### What to produce
Scan the entries for lines with the word "room", then copy those lines.

### Available records
════

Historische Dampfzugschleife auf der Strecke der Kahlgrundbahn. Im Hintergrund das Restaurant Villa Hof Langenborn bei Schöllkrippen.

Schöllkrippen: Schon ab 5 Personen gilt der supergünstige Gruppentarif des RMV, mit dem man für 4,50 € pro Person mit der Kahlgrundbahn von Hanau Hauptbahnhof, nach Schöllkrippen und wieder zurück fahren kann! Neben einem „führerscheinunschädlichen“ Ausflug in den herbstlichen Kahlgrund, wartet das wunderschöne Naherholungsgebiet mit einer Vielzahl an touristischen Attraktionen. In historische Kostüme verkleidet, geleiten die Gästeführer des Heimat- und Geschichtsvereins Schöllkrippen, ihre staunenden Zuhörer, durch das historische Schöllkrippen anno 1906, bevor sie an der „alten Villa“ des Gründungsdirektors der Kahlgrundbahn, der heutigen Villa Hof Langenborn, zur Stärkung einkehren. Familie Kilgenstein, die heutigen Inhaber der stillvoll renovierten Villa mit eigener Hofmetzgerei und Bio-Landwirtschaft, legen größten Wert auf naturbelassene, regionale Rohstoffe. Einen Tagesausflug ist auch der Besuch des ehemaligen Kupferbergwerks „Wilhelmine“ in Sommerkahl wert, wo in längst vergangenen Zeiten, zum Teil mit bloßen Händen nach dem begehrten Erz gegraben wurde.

════

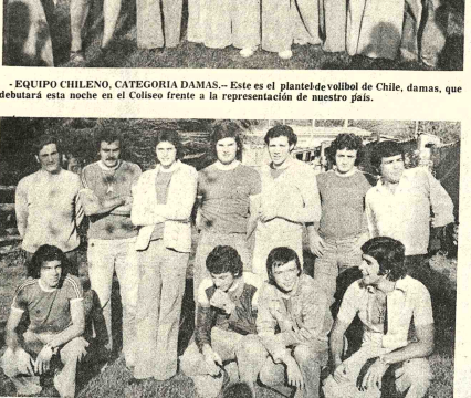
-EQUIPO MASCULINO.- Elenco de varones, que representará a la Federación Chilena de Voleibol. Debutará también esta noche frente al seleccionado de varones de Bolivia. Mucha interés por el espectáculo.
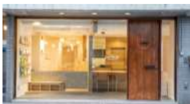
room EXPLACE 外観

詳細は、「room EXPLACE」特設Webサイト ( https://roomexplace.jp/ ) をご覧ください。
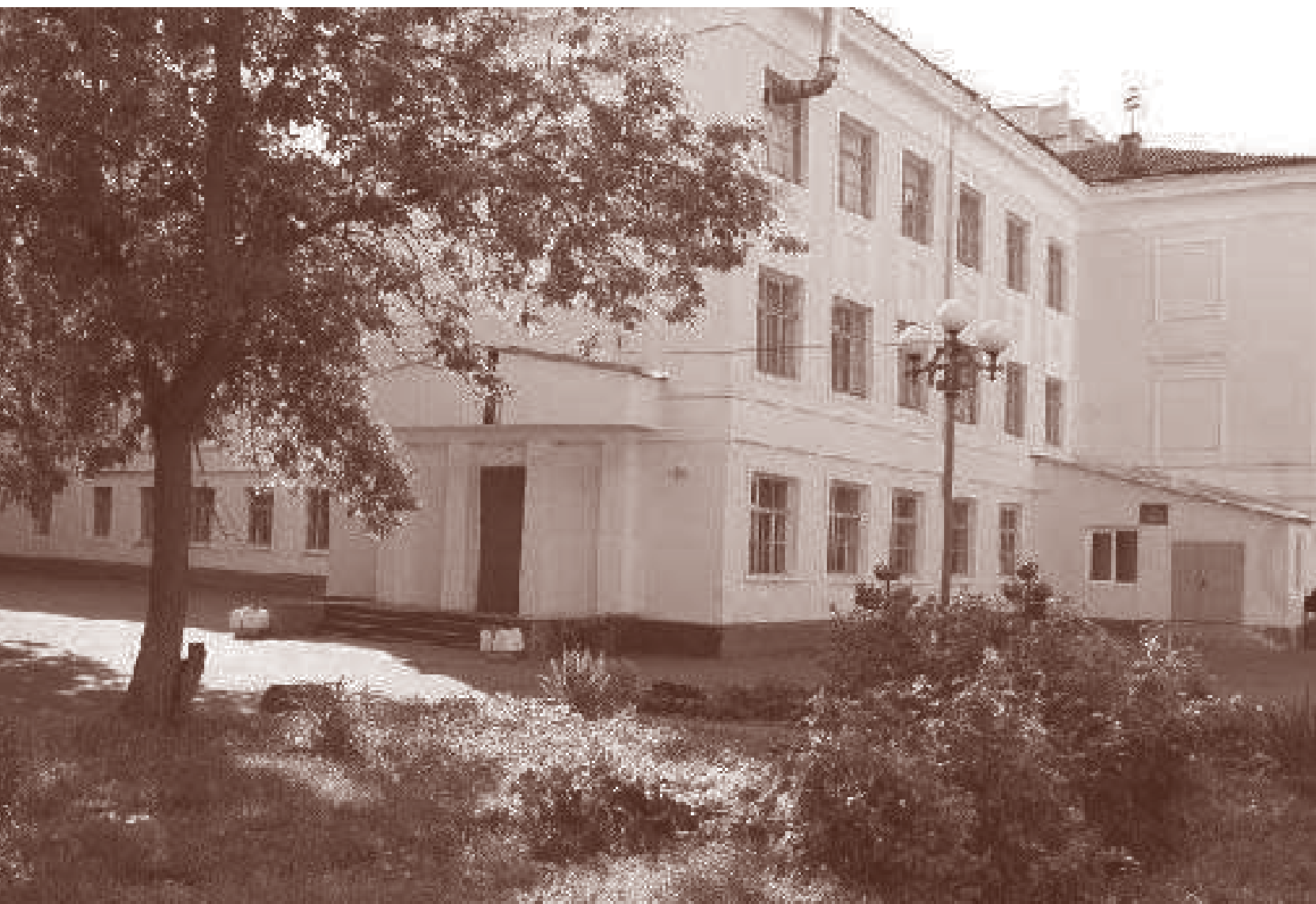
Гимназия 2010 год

════

### Completed exercise
room EXPLACE 外観
詳細は、「room EXPLACE」特設Webサイト ( https://roomexplace.jp/ ) をご覧ください。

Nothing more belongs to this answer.